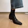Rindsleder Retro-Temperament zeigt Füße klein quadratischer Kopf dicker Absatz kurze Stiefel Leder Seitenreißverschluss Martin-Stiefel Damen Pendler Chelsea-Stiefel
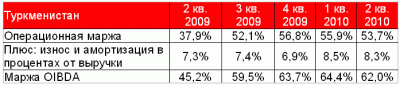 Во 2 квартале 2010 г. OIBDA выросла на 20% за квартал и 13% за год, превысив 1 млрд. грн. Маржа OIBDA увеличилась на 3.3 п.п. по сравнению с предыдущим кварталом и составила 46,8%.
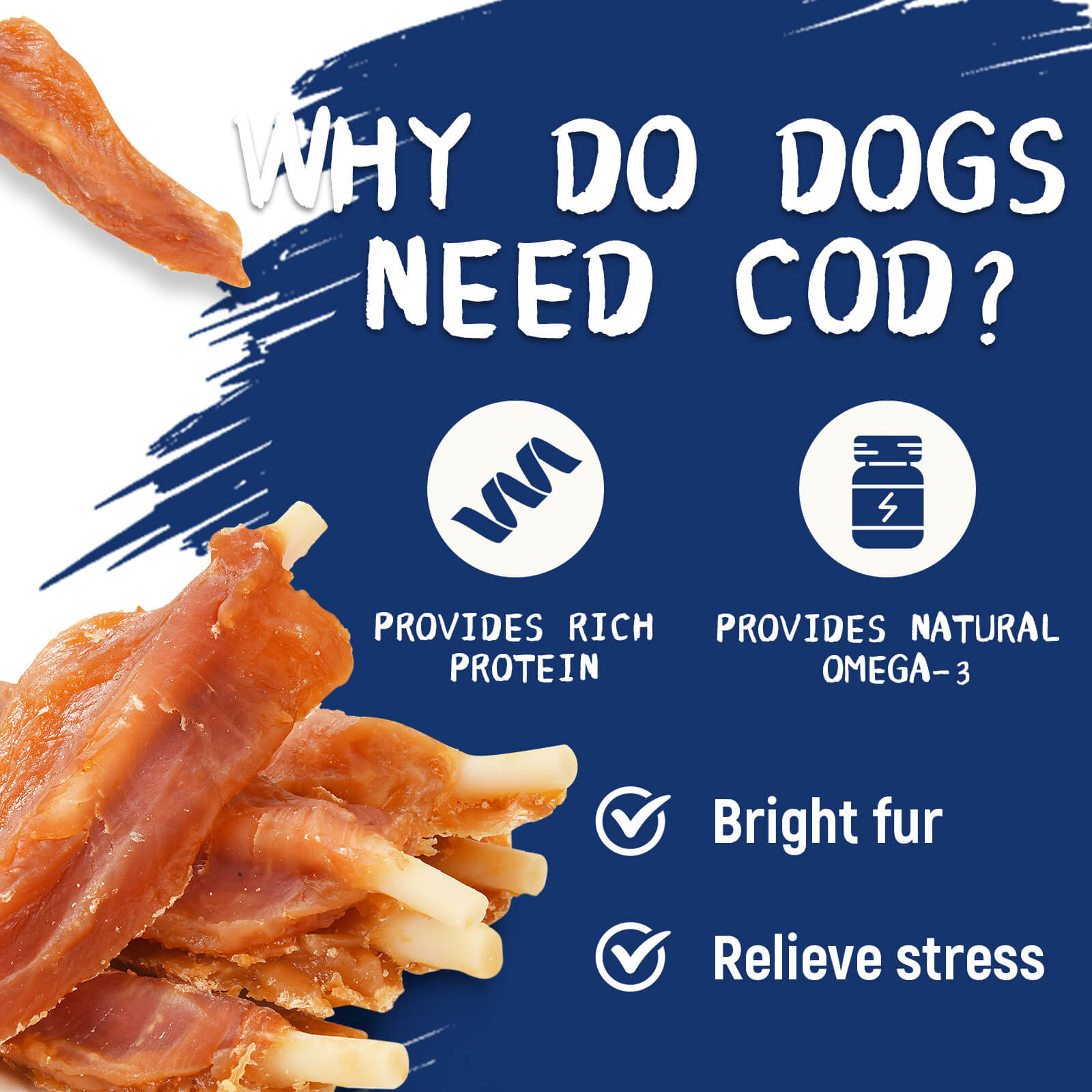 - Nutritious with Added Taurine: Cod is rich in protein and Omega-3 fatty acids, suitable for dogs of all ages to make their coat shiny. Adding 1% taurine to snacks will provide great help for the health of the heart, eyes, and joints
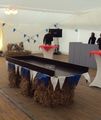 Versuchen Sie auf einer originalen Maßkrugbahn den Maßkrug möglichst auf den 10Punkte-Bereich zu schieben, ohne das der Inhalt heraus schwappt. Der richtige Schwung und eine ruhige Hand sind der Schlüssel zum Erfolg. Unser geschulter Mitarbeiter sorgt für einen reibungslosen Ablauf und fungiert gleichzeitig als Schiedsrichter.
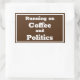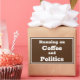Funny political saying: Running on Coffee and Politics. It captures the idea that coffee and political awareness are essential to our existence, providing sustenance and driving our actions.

......

Exactly as written, repeat the lines from the beginning of the entries up to and including the line with "- Nutritious with", but not the pictures.

Rindsleder Retro-Temperament zeigt Füße klein quadratischer Kopf dicker Absatz kurze Stiefel Leder Seitenreißverschluss Martin-Stiefel Damen Pendler Chelsea-Stiefel
 Во 2 квартале 2010 г. OIBDA выросла на 20% за квартал и 13% за год, превысив 1 млрд. грн. Маржа OIBDA увеличилась на 3.3 п.п. по сравнению с предыдущим кварталом и составила 46,8%.
 - Nutritious with Added Taurine: Cod is rich in protein and Omega-3 fatty acids, suitable for dogs of all ages to make their coat shiny. Adding 1% taurine to snacks will provide great help for the health of the heart, eyes, and joints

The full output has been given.